Sir Lovkins got a little trim today :w00t: He has had one previously but I thought I would show you before and after.


----------



## LexiMom (Feb 7, 2012)

He is SO adorable


----------



## Sylie (Apr 4, 2011)

He is so cute. I know Texas is a big state, but I am thinking he needs to meet Rudy for a fun for all video.


----------



## Deborah (Jan 8, 2006)

He is a sweetie.:wub:


----------



## Furbabies mom (Jul 25, 2011)

Lovkins is really really really really cute!!!! His little trim looks perfect!


----------



## French Maiden (Feb 5, 2012)

what a handsom boy he is


----------



## Katkoota (Feb 18, 2006)

Soooooooo CUTE !!! You cant go wrong with this dude. He looks cute before and after :wub2: Did you trim the hair yourself?


----------



## Madison's Mom (Dec 26, 2007)

I love him! He is the cutest baby!!!!!,


----------



## hoaloha (Jan 27, 2012)

very nice!!! cute before and after


----------



## MalteseJane (Nov 21, 2004)

Very nice trim. Love his ears.


----------



## ckanen2n (Jan 2, 2012)

Such a handsome boy!


----------



## edelweiss (Apr 23, 2010)

Christina, he has a very expressive little, loving face. How old is he now---he looks so tiny!


----------



## Lovkins mama (Dec 15, 2011)

Katkoota said:


> Soooooooo CUTE !!! You cant go wrong with this dude. He looks cute before and after :wub2: Did you trim the hair yourself?

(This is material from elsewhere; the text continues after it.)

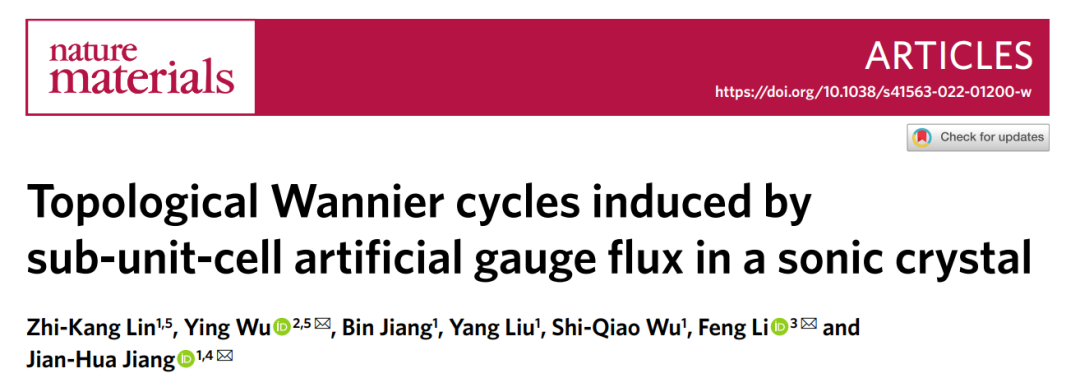 2022年3月22日,苏州大学蒋建华教授团队联合ob真人竞猜李锋教授和华南理工大学吴迎博士,在Nature Materials发表题为Tolological Wannier cycles induced by sub-unit-cell artificial gauge flux in a sonic crystal的文章。研究团队利用3D打印技术,设计了一种具有螺位错的声子晶体,在实验上实现了局域赝磁通和一维拓扑边界态。其物理机制来源于实空间与倒空间的双重拓扑特性。

 No, I wish I did my is a groomer so I always use her.


----------



## Lovkins mama (Dec 15, 2011)

edelweiss said:


> Christina, he has a very expressive little, loving face. How old is he now---he looks so tiny!


He is seven months and he is tiny, but I love it he weighs about 4 pounds. Him's my wittle baby!


----------



## MoonDog (Jun 6, 2011)

And I thought that baby couldn't get any cuter!!! Him's just PRECIOUS!!!


----------



## Snowball Pie's Mommi (Oct 16, 2008)

Sir Lovkins looks simply adorable!:wub::wub::wub:


----------



## Lovkins mama (Dec 15, 2011)

thank you!


----------